Keywords: apoptosis, HIRI, R-spondin1, Wnt/β-catenin signaling
INTRODUCTION
Leucine-rich repeat G protein-coupled receptors (LGRs), a highly conserved GPCR family, are characterized by a large extracellular domain with multiple copies of leucine-rich repeats (LRR) (12). LGRs 4–6 compose a subgroup of LGRs, each containing 17 LRRs (7). LGRs are important for embryonic development and maintenance of stem cells. LGR4 is widely expressed in proliferating cells in embryos and adults (25). In the digestive system, LGR4 plays key roles in intestinal development and homeostasis. Furthermore, LGR4 is critical for postnatal epithelial cell proliferation and terminal Paneth cell differentiation. LGR4 mutant mice are more susceptible to chemically induced inflammatory bowel disease (17). Recently, a study by Planas-Paz et al. (19) highlighted the RSPO-LGR4/5-ZNRF3/RNF43 module in developing liver stem cells as a master regulator of liver zonation and as a control mechanism for growth/size control during liver development, homeostasis, and regeneration. The roles of LGR4 in differentiated-hepatocyte injury have not been described.
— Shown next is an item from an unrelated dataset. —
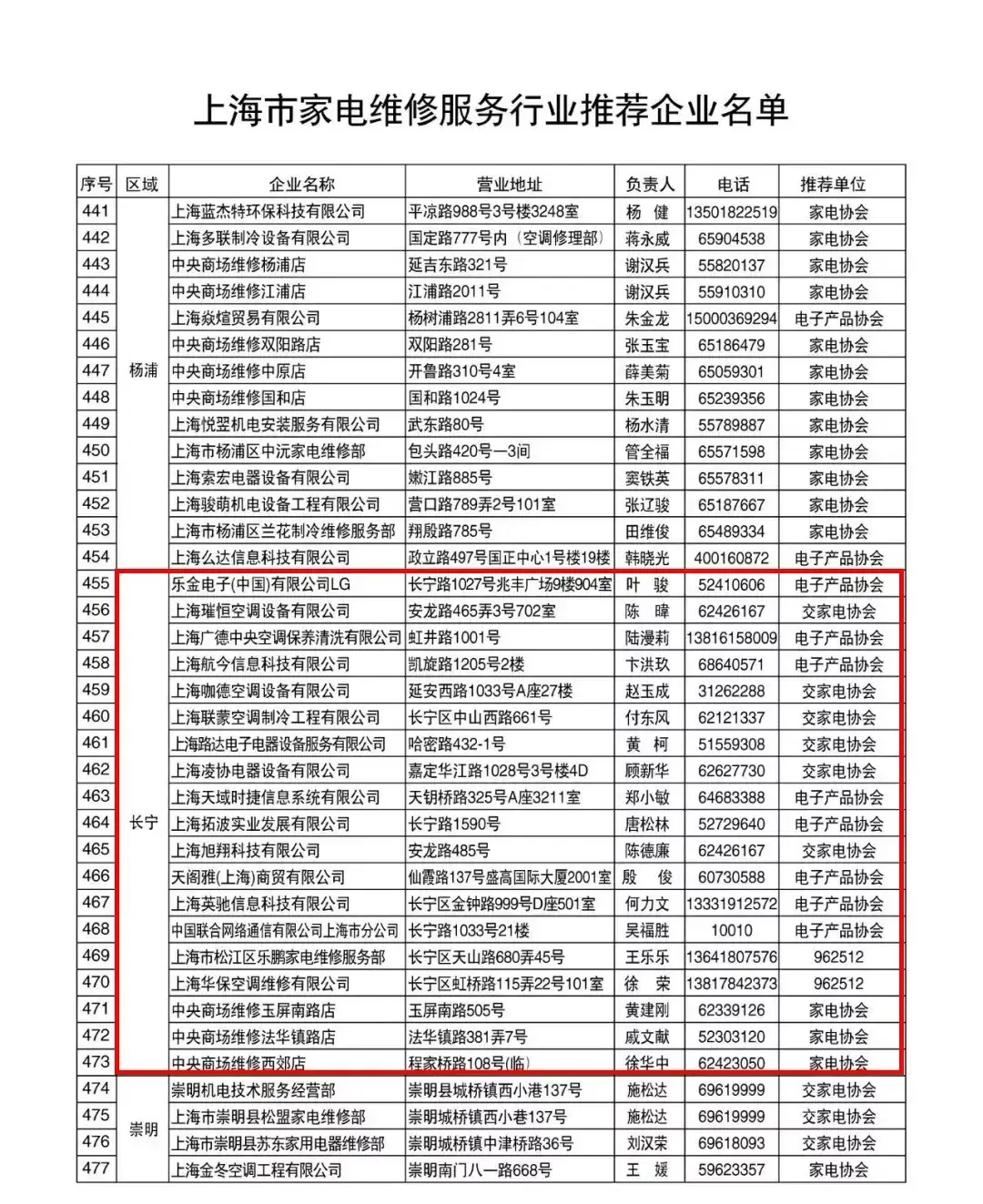 家用电器“罢工”,路边维修游击队不靠谱怎么办?近日,市商务委公布2020年品牌家电企业售后维修服务热线及授权维修服务网点名单。小编为大家找出了位于长宁的“正规军”,有需要的小伙伴可以往下看~

The endogenous ligands for LGRs are four secreted R-spondin proteins (Rspo1-4) that act to potentiate Wnt/β-catenin signaling (24). Rspo proteins share ~40–60% amino acid sequence identity and substantial structural homologies between human and mouse (6). Rspo proteins act as potentiators for Wnt signaling and exhibit ligand properties. The Wnt signaling pathway plays pivotal roles in diverse biological processes during embryonic development, adult homeostasis, and disease pathogenesis (15, 22). Rspo proteins may contribute to these biological processes. Indeed, Rspo1 inhibits osteoclast development and bone resorption, thus preventing bone erosion and improving cartilage integrity in a tumor necrosis factor-α (TNFα)-overexpressing arthritis mouse model (8). In acute and chronic models of colitis in mice, administration of Rspo1 preserves mucosal integrity in both small and large bowel by stimulating crypt epithelial cell mitosis (26). Combined with Slit2, Rspo1 protects intestinal stem cells from chemoradiotherapy-induced damage (27). These findings indicate that the Rspo-LGR4 system is critical for stem cell integrity. Whether this system affects functional homeostasis of differentiated mature cells is unknown. In the present study, we report the existence of Rspo1-LGR4 signaling in differentiated hepatocytes of adult liver and the ability of Rspo1-LGR4 to protect hepatocytes against acute injury.
MATERIALS AND METHODS
Materials
Mouse anti-LGR4, TNFα, and Rspo1 were purchased from R&D Systems (Minneapolis, MN). Lipopolysaccharide (LPS) and D-galactosamine (D-Gal) were purchased from Sigma-Aldrich (St. Louis, MO). Rabbit anti-NF-κB-p65 and rabbit anti-caspase-3 polyclonal antibody were obtained from Abcam (Cambridge, MA). Rabbit anti-GAPDH and lamin B were from Santa Cruz Biotechnology (Santa Cruz, CA). Phospho-S6 (Ser235/236) and S6 rabbit monoclonal antibodies, rabbit anti-phospho-NF-κB-p65, mechanistic target of rapamycin (mTOR) rabbit monoclonal antibodies, and rabbit anti-β-actin antibody were purchased from Cell Signaling Technology (Beverly, MA). TRIzol reagent and the reverse transcription (RT) system were from Invitrogen (Carlsbad, CA). The cell death ELISA kit (cat. no. 11 544675001) and in situ cell death detection POD kit (cat. no. 11684817910) were from Roche (Penzberg, Germany). The live green caspase-3 and -7 detection kit was from Molecular Probes, Invitrogen Detection Technologies (Eugene, OR).
Animals and Treatments
Animals.
Animals were housed in a temperature-controlled environment with 12-h:12-h light-dark cycles, and access to food and water ad libitum. All experimental protocols were approved by University Committee on the Use and Care of Animals of the University of Michigan. Twelve-week-old male mice were used in the present study. Albumin-Cre mice (C57BL/6J background) were purchased from Jackson Laboratory (Bar Harbor, ME). Four mouse embryonic stem (ES) cell clones (from C57BL/6J, black, XY genotype) with FRT-flanked LacZ and neo cassettes prior floxed exons 15 and 16 of the LGR4 gene were purchased from EUCOMM, Helmholtz Zentrum (Munich, Germany). Knock-in mice were created at the University of Michigan Transgenic Core. LGR4floxp mice were generated by mating the male heterozygous LGR4floxp mice with B6 mice. 129S4-Gt(ROSA)26Sortm2(FLP*)Sor/J mice were purchased from Jackson Laboratory to delete the Lacz gene and then mated with wild-type (WT) C57BL/6J mice to generate LGR4floxp transgenic mice free of Laz and Flp genes.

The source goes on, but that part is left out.